* [WHAT IS EXPECTED] Leaving out the images, return the data below exactly as it is written.

* [INFORMATION PROVIDED]
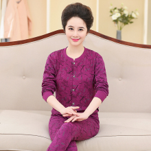 中老年保暖内衣加绒加厚女纯棉秋衣秋裤套装妈妈装冬季
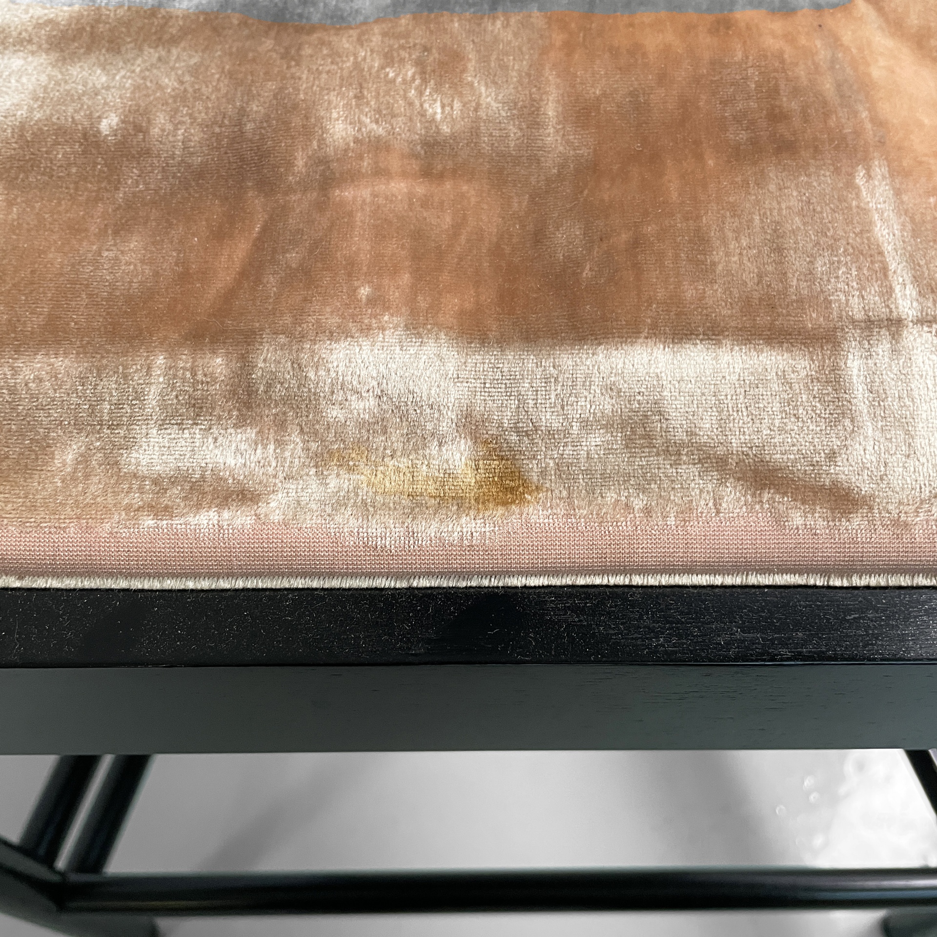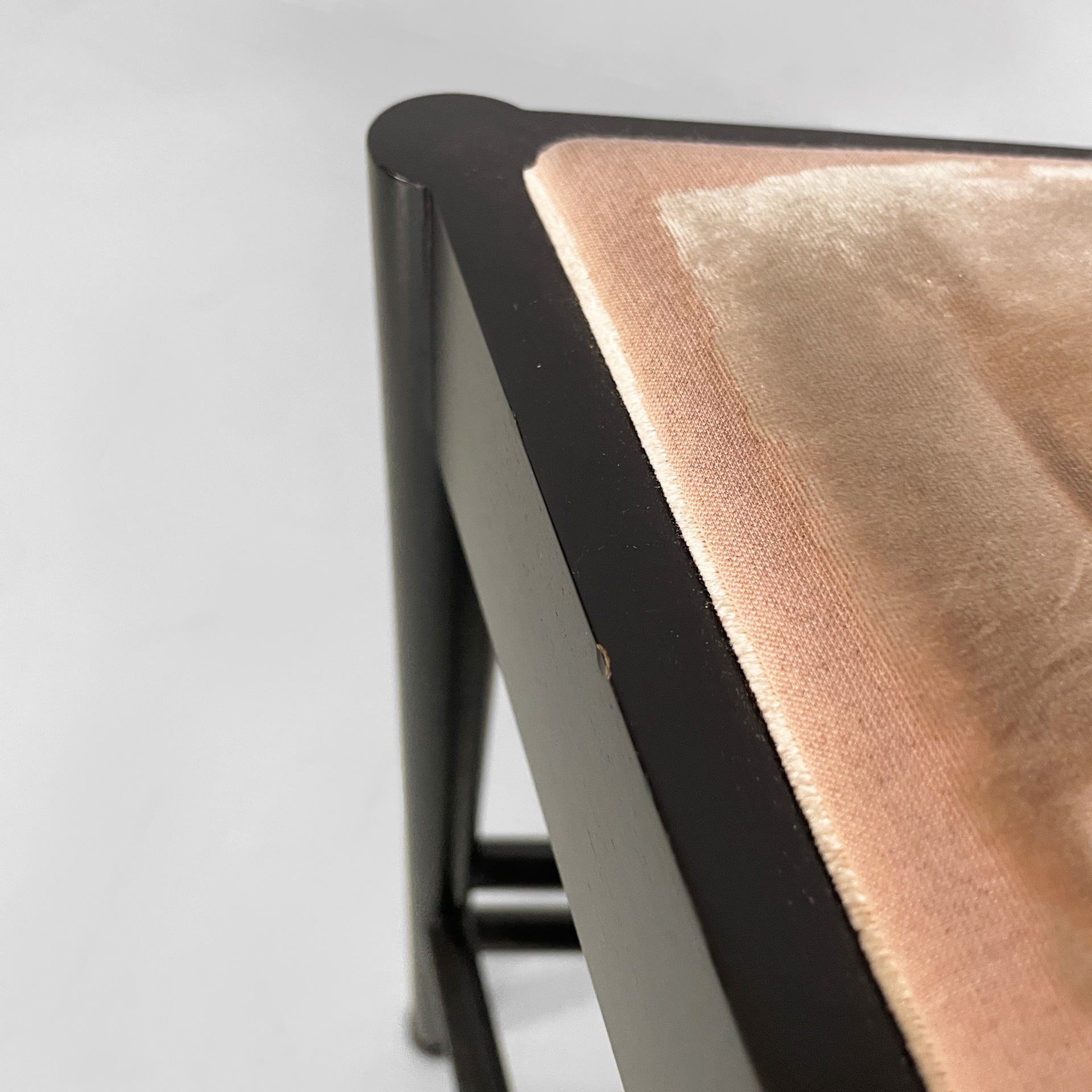 Buone condizioni. Il legno presenta leggeri segni sparsi. Il tessuto presenta un colore non uniforme e segni dati dall’utilizzo.
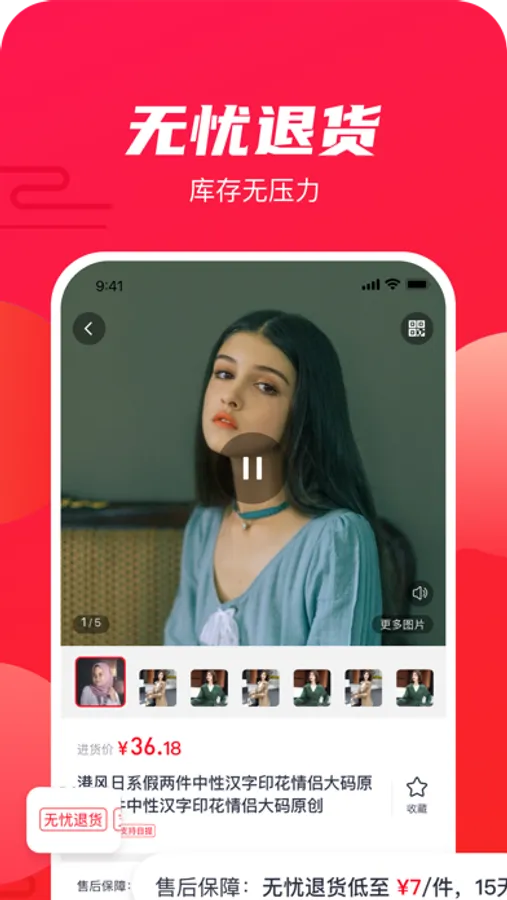 购买平台无忧退货服务,享受无理由退货,资金库存无压力
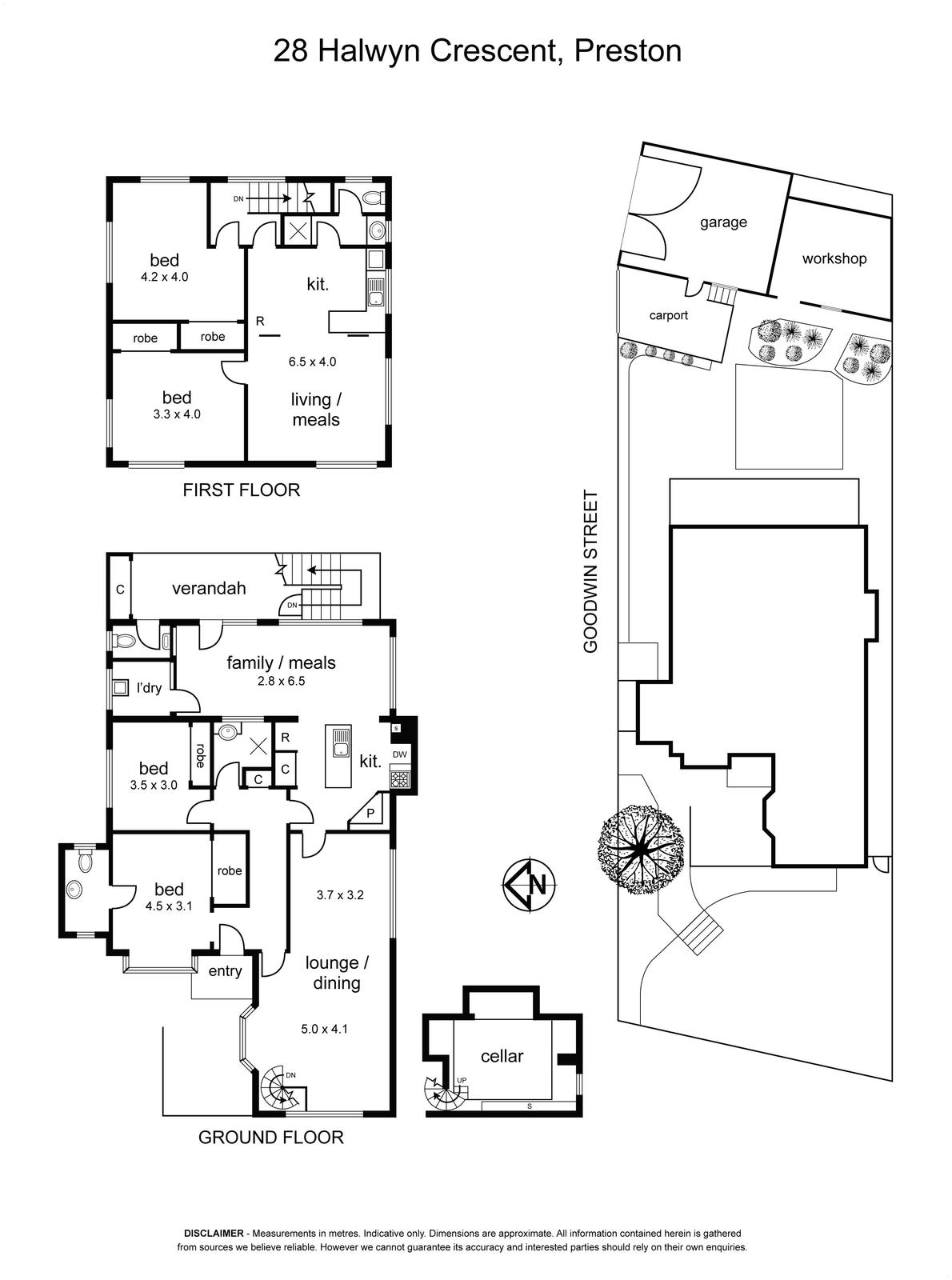 Other features of the home include heating, cooling, cellar/storeroom and city glimpse from upstairs, plus a sizeable backyard with undercover patio, powered workshop, garage and carport – both accessed via Goodwin Street.

* [RESULT OF THE EXERCISE]
 中老年保暖内衣加绒加厚女纯棉秋衣秋裤套装妈妈装冬季
 Buone condizioni. Il legno presenta leggeri segni sparsi. Il tessuto presenta un colore non uniforme e segni dati dall’utilizzo.
 购买平台无忧退货服务,享受无理由退货,资金库存无压力
 Other features of the home include heating, cooling, cellar/storeroom and city glimpse from upstairs, plus a sizeable backyard with undercover patio, powered workshop, garage and carport – both accessed via Goodwin Street.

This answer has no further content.